Nonlinear mixed effects modeling to fit the model to data gives both population information and a set of parameters for each individual. A new population of individuals can be simulated by sampling ranges of parameter values, given specified probability distributions for selection of the parameter values. Computing optimal control regimens for multiple parameter sets (for either previously-studied or simulated groups of individuals) can yield qualitative recommendations for the intended treatment population. Robust control is an approach to finding regimens that maintain some level of performance over distributions such as parameter ranges [60]. Stochastic optimal control is another method for handling parameter variability, as well as uncertainty [61].

A frequent assumption in pharmacokinetic/pharmacodynamic modeling is that the structure of the equations is the same in animals and humans, and only the parameter values differ. When parameter values in a model are obtained by fitting the model to animal preclinical data, we can use allometric scaling to predict certain corresponding parameter values for a human population (cf. [62]). Alternatively, parameter values can be obtained by directly fitting the model to human clinical data. Optimal control modeling that is tied closely to clinical data includes the work of Swan and Vincent [63], Iliadis and Barbolosi [64], and Zhang et al. [65].
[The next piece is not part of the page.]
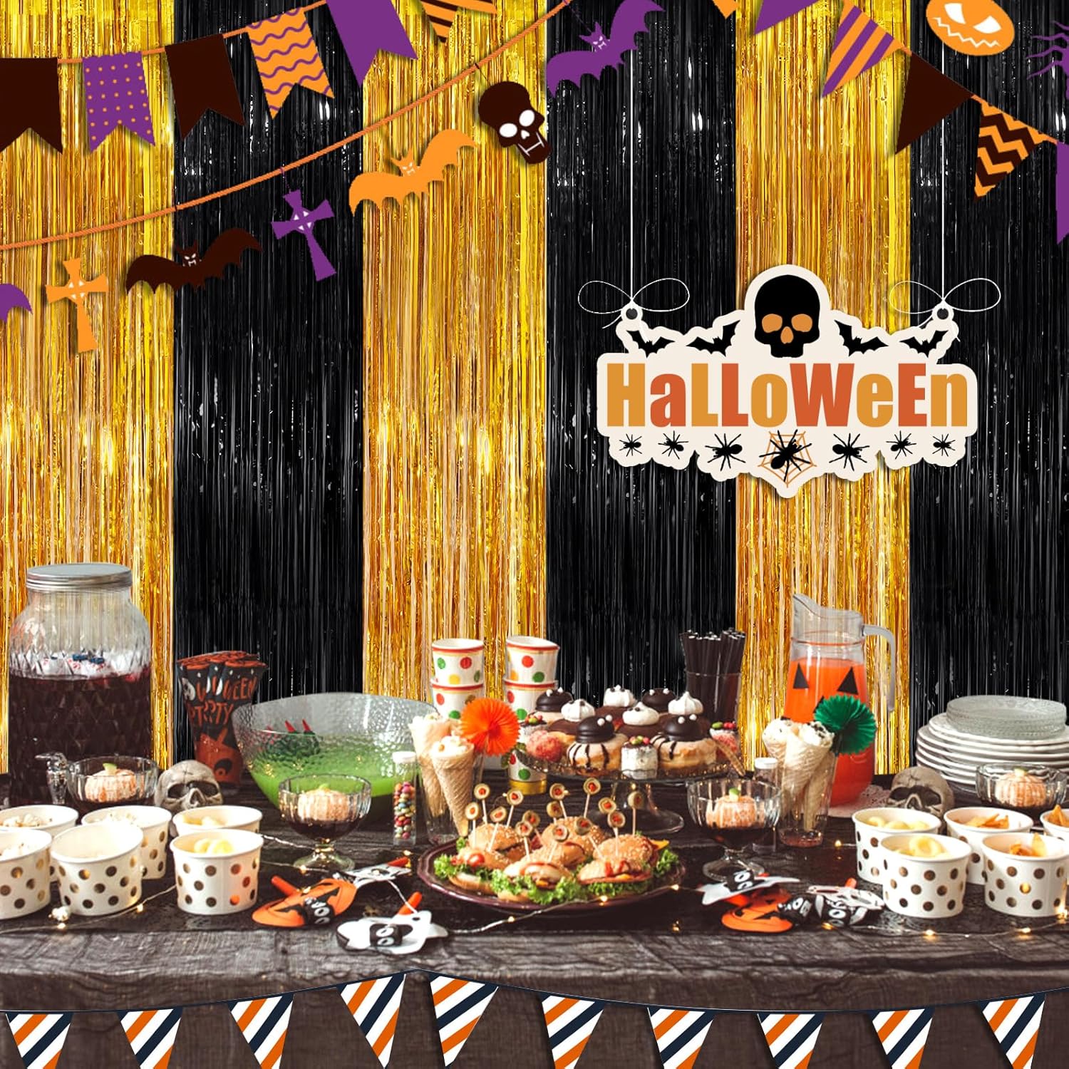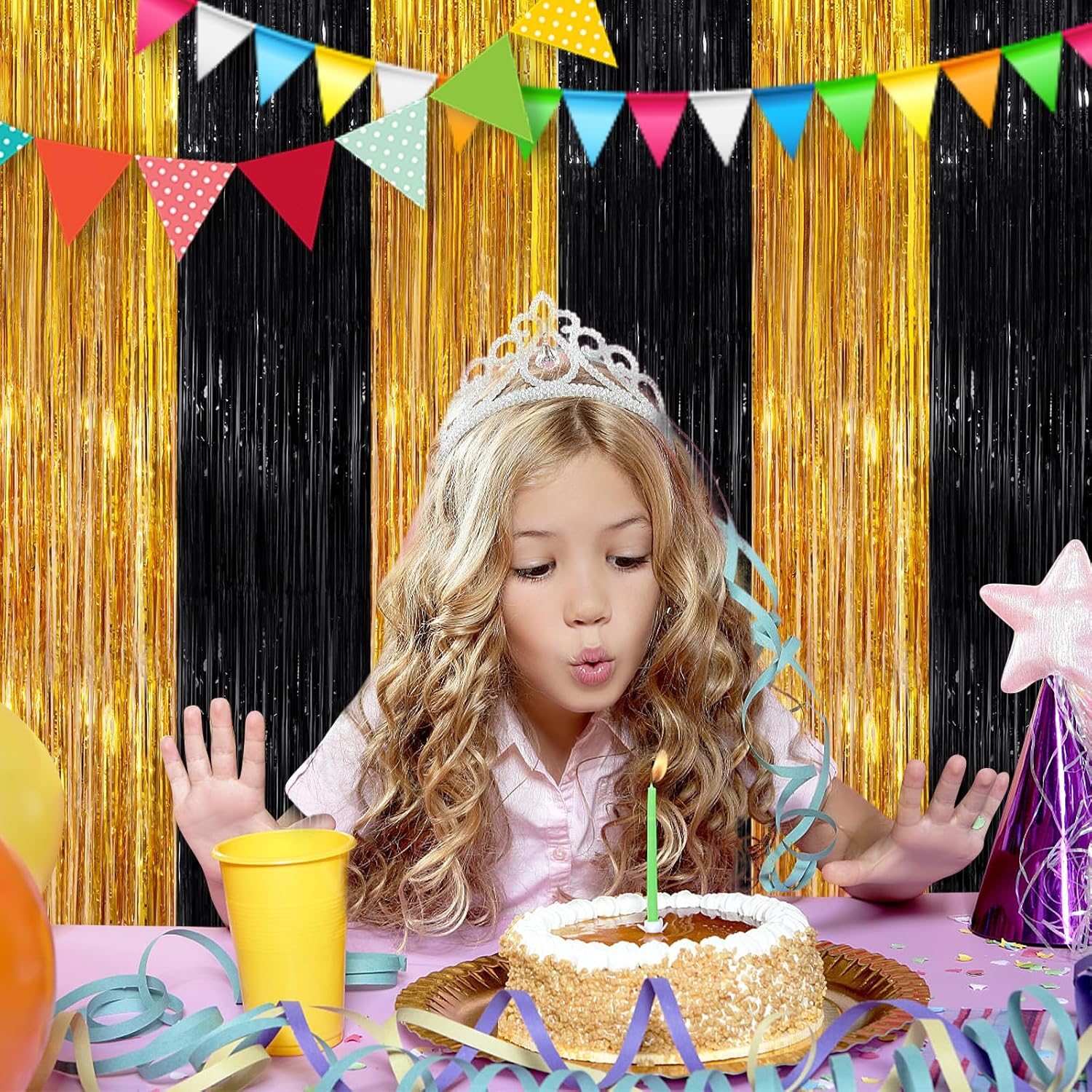 Black Gold Streamer Tinsel Foil Fringe Curtains Streamer 2Pack 3.3X 8.3Ft Streamer Tinsel Streamer Curtains for Birthday Party Decors Wedding Bachelorette Bridal Shower Xmas Decors Streamers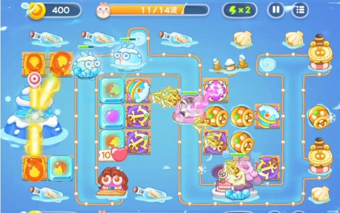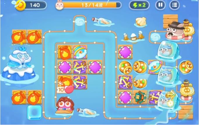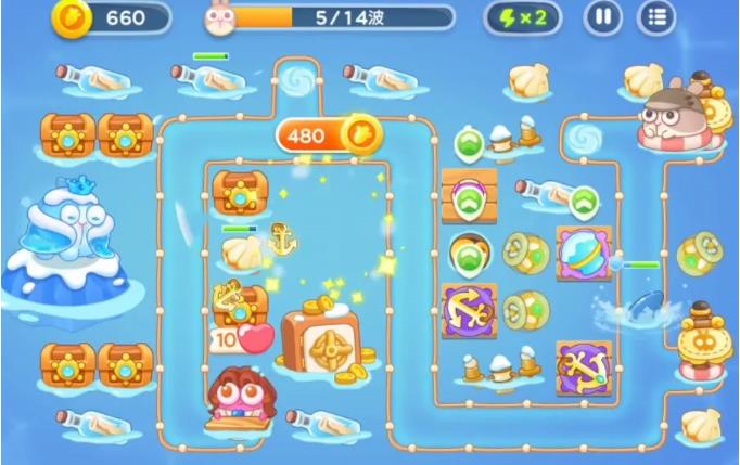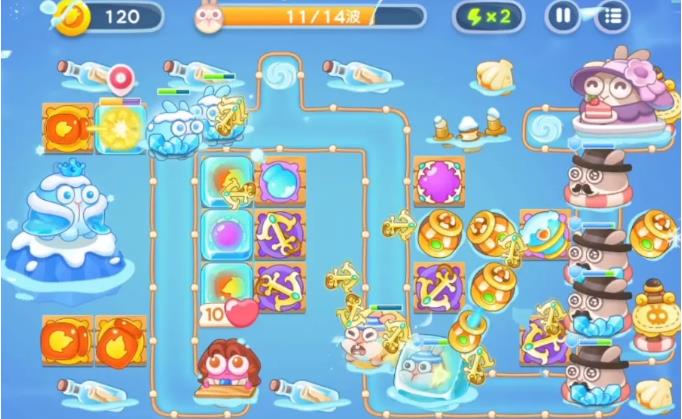 先建个船锚和水雷,没有水雷船锚打不了水下的兔子。乱飞的船锚能清理周边的建筑物,没有兔子时就打建筑物,出兔子时就先清理兔子。尽早在出口上个减速的炮塔,防治突然蹿出来了跑的快的兔子。前面4关,基本上就是水上水下怪物穿插的出现,减速、破甲、打掉即可。

In addition to tying models closely to data, evaluation of a predicted optimal regimen with experimental data is very important. Study outcomes from regimens that are predicted to be optimal should be compared with those from standard regimens. Such evaluation tests whether assumptions in the model, the objective functional, and the parameter estimates, are acceptable and lead to desired outcomes.

Conclusion

The techniques and examples in this article are intended to support mathematical modelers in the biopharma industry in using optimal control to optimize drug regimens. The papers of Swan and Vincent [63], Kirschner et al. [66], Gu and Moore [15], Nanda et al. [53], and Moore et al. [23] provide additional details for applying optimal control to examples like the ones included in this article. The book of Kamien and Schwartz [67] gives a good exposition of problems like these, as well as more complex problems, such as states with delayed differential equations, state inequalities, integral state equations, and stochastic optimal control.

Optimal control has been applied in numerous industries with great success since its mathematical formulation in the 1950s. Its application to predicting optimal drug regimens or strategies dates back to the 1970s. Recently, it has begun to be used within the biopharma industry to help with the selection of combination regimens.

As with any mathematical modeling approach, the quality of the predictions depends on the quality of the models. With mathematical models that are increasingly able to accurately capture the dynamics of certain disease states, there are expanded opportunities to take advantage of the technique. In planning therapeutic regimens for preclinical or clinical use, we can apply optimal control to these models, to predict optimal regimens based on quantitative therapeutic goals. Current availability of software and expertise makes this feasible for use in the biopharma industry. Thus optimal control is yet another well-established modeling technique we can now leverage more broadly to increase drug development successes, and to give patients the chance for more time with their loved ones.